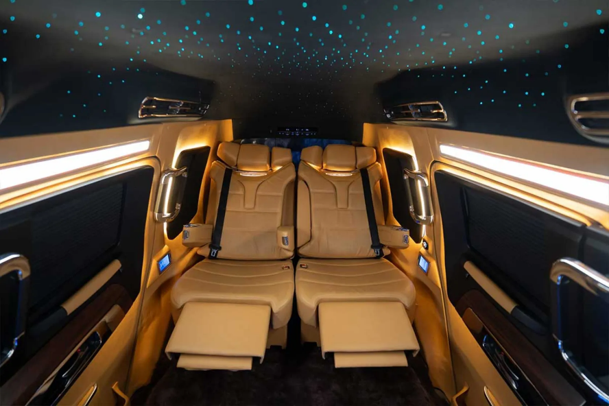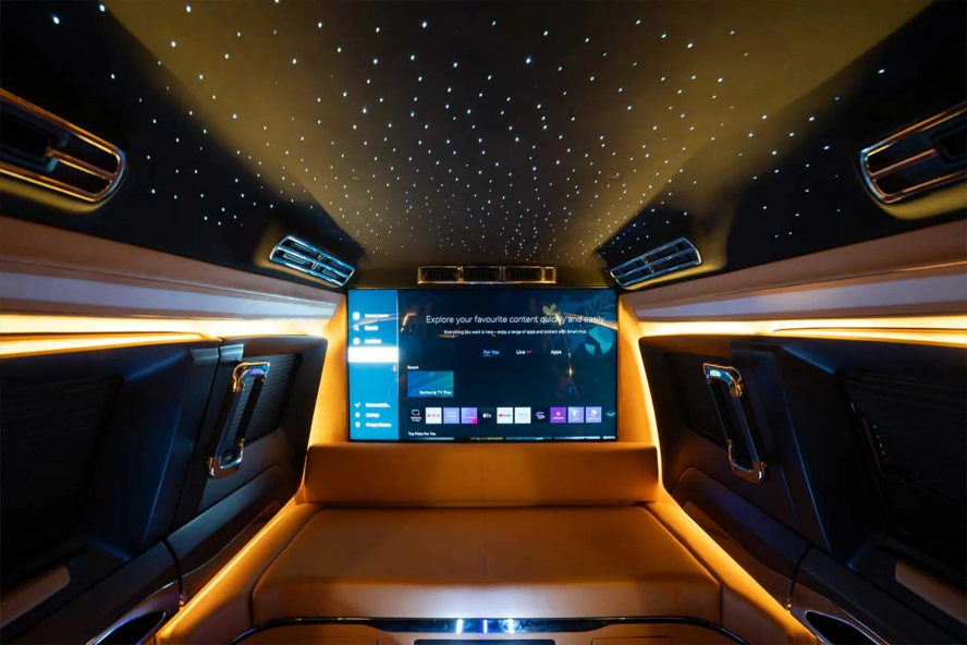 با باز شدن درها، دنیایی از تجمل آشکار میشود. کابین این لندکروزر بیشتر به یک سالن استراحت یا سینمای خصوصی شباهت دارد. فضای داخلی با چرم قهوهای روشن، تریم چوب و تزئینات کرومی پوشانده شده است. دو صندلی راحتی عظیم با زیرپاییهای بازشونده در عقب کابین قرار گرفتهاند و روبروی آنها یک کاناپه پهن قرار دارد؛ اما نقطهٔ اوج این طراحی، سقف کهکشانی با الهام از رولزرویس و یک تلویزیون غولپیکر است که فضای بین راننده و سرنشینان را کاملاً جدا میکند. پردههای برقی، نورپردازی و کفپوش ضخیم، حسی از آرامش و تجمل را به سرنشینان هدیه میدهند.
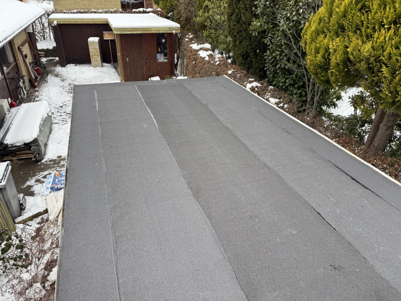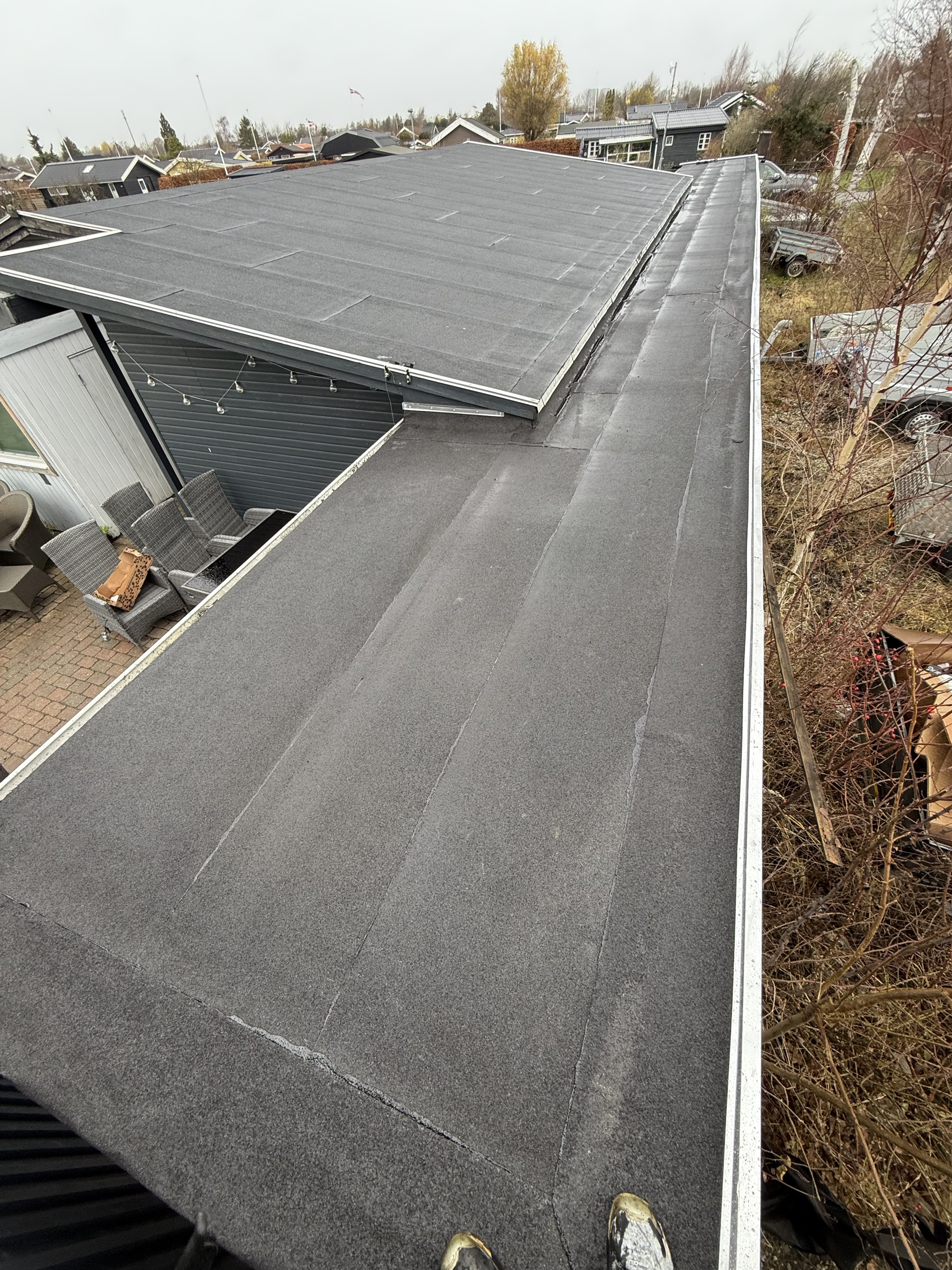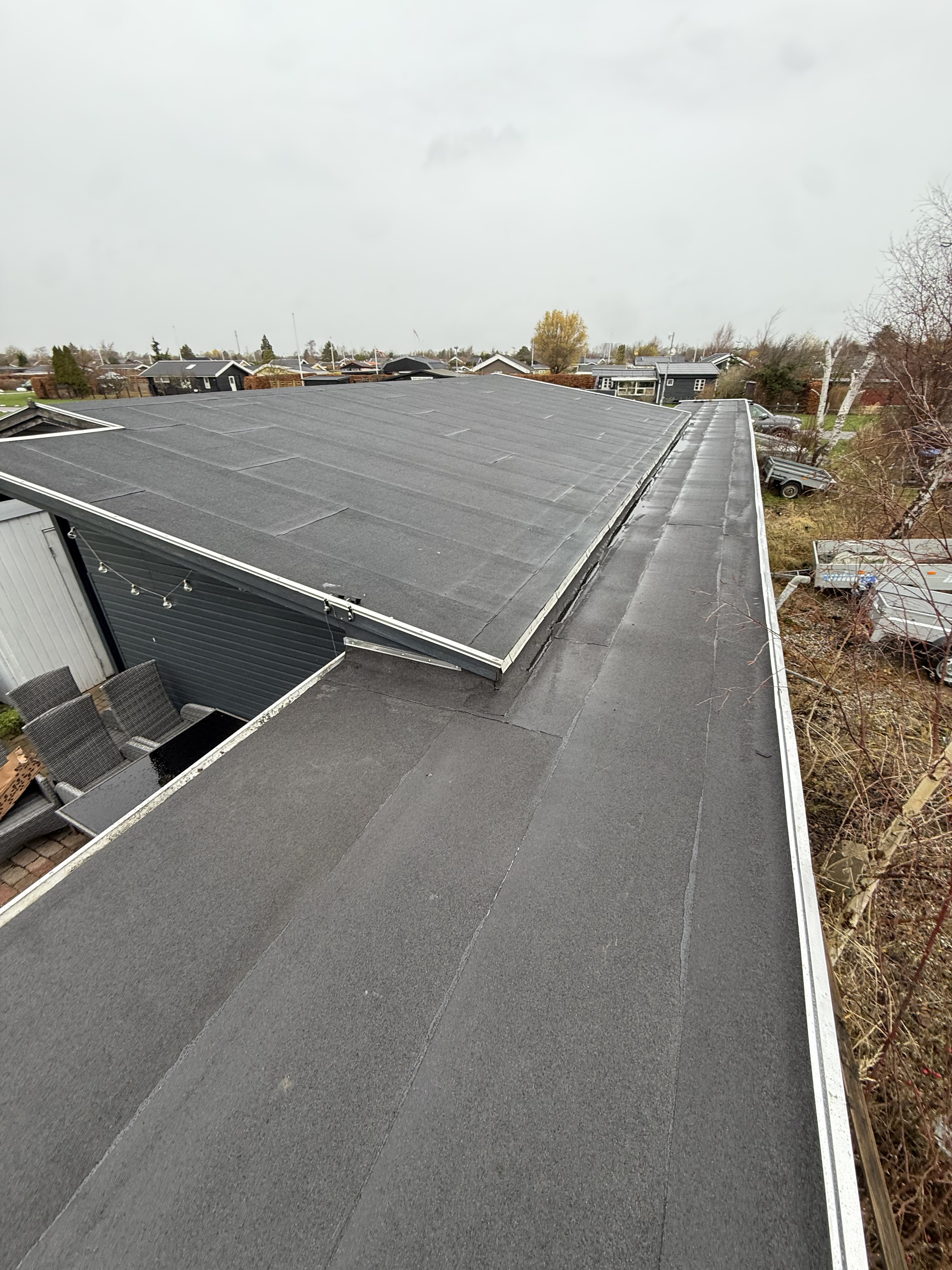 Delvis nedrivning af carport. Renovering af skur. Nyt tagpap og tagrender.
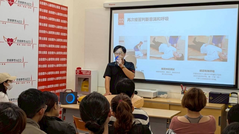 社團法人台灣AED推廣教育協會每月上旬舉辦CPR+AED急救教學訓練,
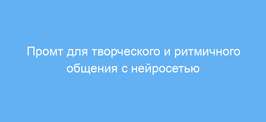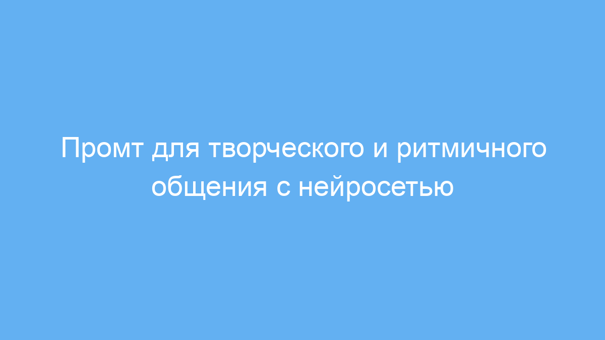 Промт помогает быстро получить креативные, короткие и ритмичные ответы от нейросети, которые сохраняют интерес к диалогу и заряжают позитивом. Это отличный инструмент для создания легкой поэтической атмосферы и оживления общения с искусственным интеллектом.
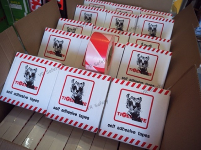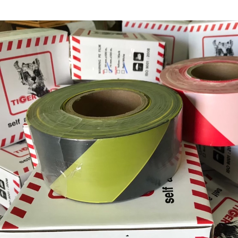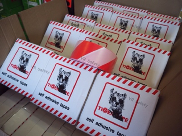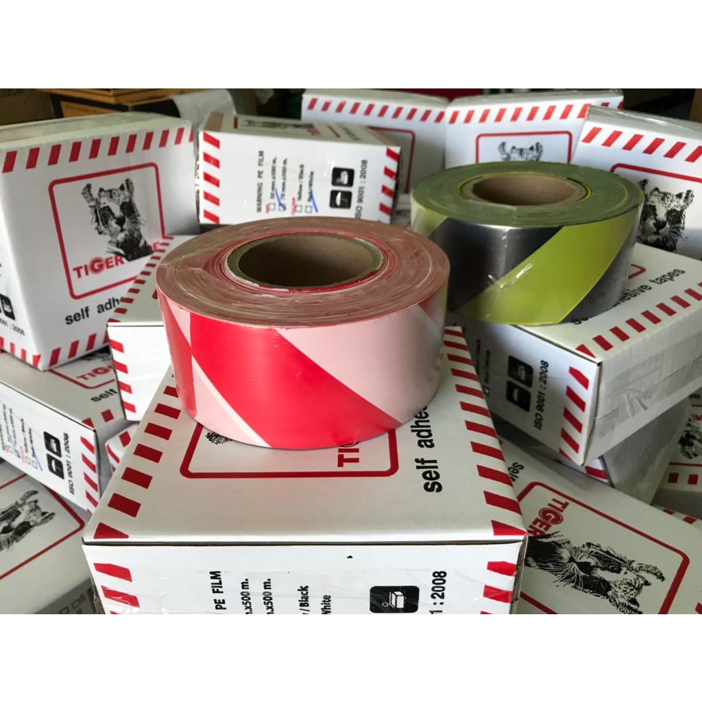 เทปกั้นพื้นที่สี ขาว-แดง ยี่ห้อ TIGER ยาว 500 เมตร ทำจากวัสดุ polyethylene ชนิดหนา คุณภาพดี มีความยืดหยุ่นสูง
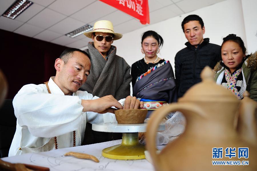 青海省班玛县黑陶艺人谢格太(左一)在教学生制作黑陶(4月18日摄)。新华社发(李少鹏 摄)
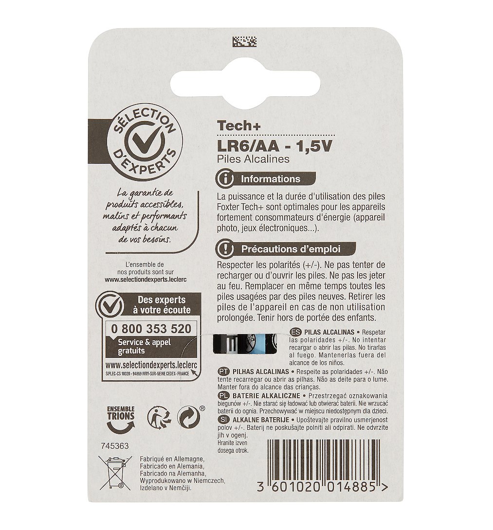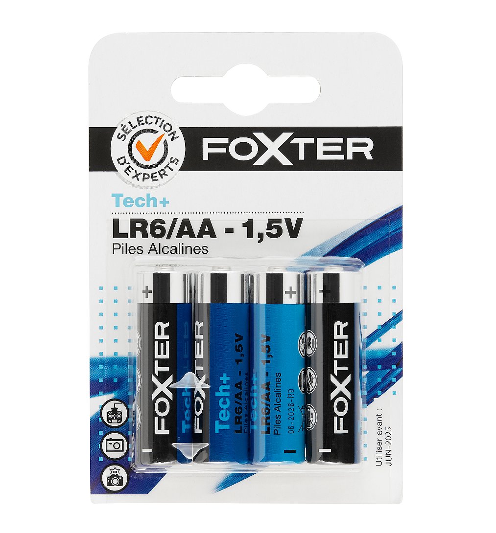 | Libellé | 4 piles alcalines LR6/AA 1,5V - TECH+ - Sélection d'Experts - Foxter |

========================

**WHAT THIS TASK INVOLVES**
Word for word, restate all of the records. Exclude the pictures.

**THE COMPLETED TASK**
 با باز شدن درها، دنیایی از تجمل آشکار میشود. کابین این لندکروزر بیشتر به یک سالن استراحت یا سینمای خصوصی شباهت دارد. فضای داخلی با چرم قهوهای روشن، تریم چوب و تزئینات کرومی پوشانده شده است. دو صندلی راحتی عظیم با زیرپاییهای بازشونده در عقب کابین قرار گرفتهاند و روبروی آنها یک کاناپه پهن قرار دارد؛ اما نقطهٔ اوج این طراحی، سقف کهکشانی با الهام از رولزرویس و یک تلویزیون غولپیکر است که فضای بین راننده و سرنشینان را کاملاً جدا میکند. پردههای برقی، نورپردازی و کفپوش ضخیم، حسی از آرامش و تجمل را به سرنشینان هدیه میدهند.
 Delvis nedrivning af carport. Renovering af skur. Nyt tagpap og tagrender.
 社團法人台灣AED推廣教育協會每月上旬舉辦CPR+AED急救教學訓練,
 Промт помогает быстро получить креативные, короткие и ритмичные ответы от нейросети, которые сохраняют интерес к диалогу и заряжают позитивом. Это отличный инструмент для создания легкой поэтической атмосферы и оживления общения с искусственным интеллектом.
 เทปกั้นพื้นที่สี ขาว-แดง ยี่ห้อ TIGER ยาว 500 เมตร ทำจากวัสดุ polyethylene ชนิดหนา คุณภาพดี มีความยืดหยุ่นสูง
 青海省班玛县黑陶艺人谢格太(左一)在教学生制作黑陶(4月18日摄)。新华社发(李少鹏 摄)
 | Libellé | 4 piles alcalines LR6/AA 1,5V - TECH+ - Sélection d'Experts - Foxter |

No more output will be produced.